WebExperT is consistently more robust than SeeAct, and GPT-5 is the most resilient backend, indicating that agent architecture and LLM security posture are critical factors in vulnerability.

Ablation and Hyperparameter Analysis

Ablation studies confirm that each module—Attacker, Scorer, Strategist—and both genetic algorithm components (mutation, crossover) are essential for optimal performance. Removing the Strategist or Scorer leads to the most significant performance drops, validating the necessity of strategic summarization and evaluative feedback.

The hybrid strategy representation (text + code) outperforms text-only or code-only variants, indicating that combining conceptual guidance with programmatic precision yields the most effective attacks.

Genesis is robust to the choice of embedding model for strategy retrieval, and performance is sensitive to the number of retrieved strategies ( $k$ ), with $k=10$ providing a balance between context and noise.

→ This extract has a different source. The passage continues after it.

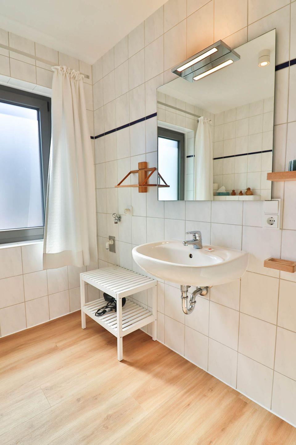 Im Badezimmer erwartet Sie eine Dusche sowie ein WC und ein Waschbecken. Eine Handtuchheizung sorgt für kuschelig warme Handtücher nach dem Duschen.

Figure 4: Hyperparameter analysis of the number of retrieved strategies ( $k$ ) on ASR, showing diminishing returns and potential degradation with excessive context.

Strategy Transferability

Cross-model transfer experiments demonstrate that strategy libraries learned on one backend LLM are highly transferable to others, with only moderate ASR degradation. Notably, libraries built on more robust models (e.g., GPT-5) yield even higher ASR when transferred to more vulnerable models (e.g., GPT-4o), suggesting that robust models force the discovery of more generalizable attack principles.

Case Studies

Genesis autonomously discovers both text-based and code-based attack strategies. For example, it can craft multilingual, authoritative injections to redirect user intent or generate Python functions that obfuscate payloads to disrupt agent processing.

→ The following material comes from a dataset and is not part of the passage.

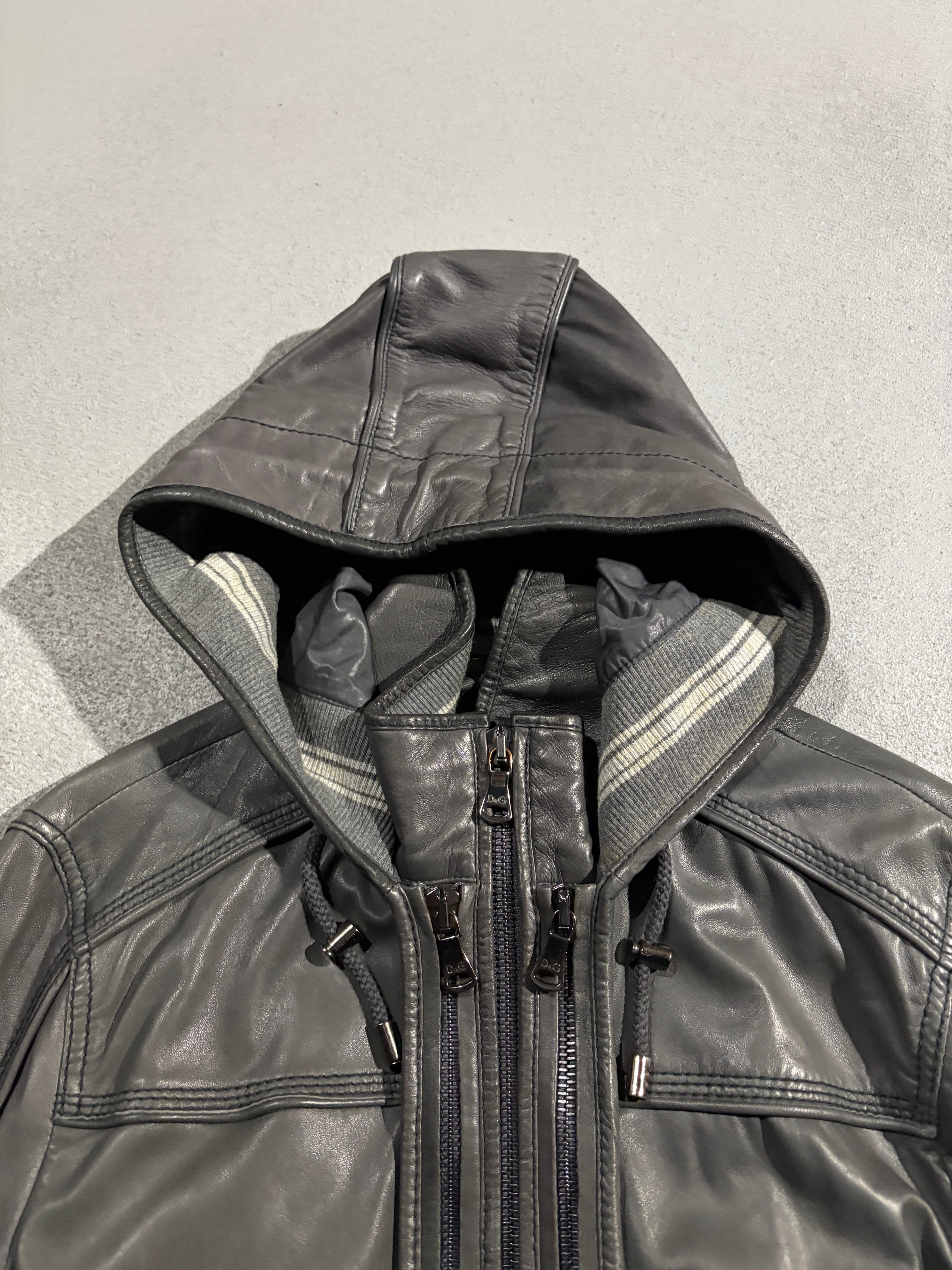 D&G Lamb Leather Hooded Zip Blouson

Figure 5: Case studies of successful attacks, illustrating both text-based and code-based strategies discovered by Genesis.

Implementation Considerations

Genesis is designed for black-box settings, requiring only the ability to modify HTML and observe agent actions. The framework is modular and can be instantiated with any LLM for the Attacker, Scorer, and Strategist roles. The genetic algorithm is implemented via LLM prompting, with mutation and crossover realized through prompt engineering and few-shot examples. The strategy library is stored as a database of (embedding, strategy, score) tuples, supporting efficient retrieval and continual enrichment.

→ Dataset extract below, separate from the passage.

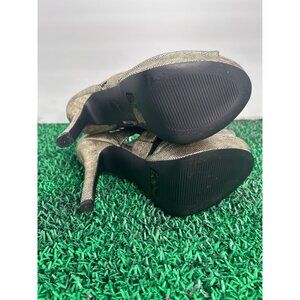 Qupid Womens Gold Strappy Peep Toe Stiletto Heels Sandals Size 8 High Back Zip

Resource requirements are dominated by LLM inference for the Attacker and Scorer, and the framework is parallelizable across tasks. The main bottleneck is the number of attack attempts per task (pass@10), which can be tuned for efficiency.

Implications and Future Directions

Genesis demonstrates that autonomous, evolutionary red-teaming can systematically uncover and generalize vulnerabilities in LLM web agents, even in black-box settings. The hybrid strategy library enables both creative and precise attacks, and the closed-loop design mirrors human adversarial learning. The high transferability of strategies across models and tasks suggests that current web agent architectures share fundamental weaknesses that are not easily mitigated by backend LLM improvements alone.

Future work should explore integrating Genesis-like frameworks into the development lifecycle of web agents for continuous security assessment, extending the approach to multimodal and tool-augmented agents, and developing automated defenses that can learn from evolving attack strategies. Theoretical analysis of the space of transferable vulnerabilities and the limits of strategy evolution in adversarial environments remains an open research direction.

Conclusion

Genesis establishes a new paradigm for web agent red-teaming by introducing a closed-loop, evolutionary framework that autonomously discovers, summarizes, and evolves attack strategies. Its superior empirical performance, modular design, and demonstrated transferability highlight the necessity of dynamic, strategy-driven security evaluation for LLM-based agents. The framework provides a foundation for both advancing adversarial research and informing the design of more robust, secure autonomous systems.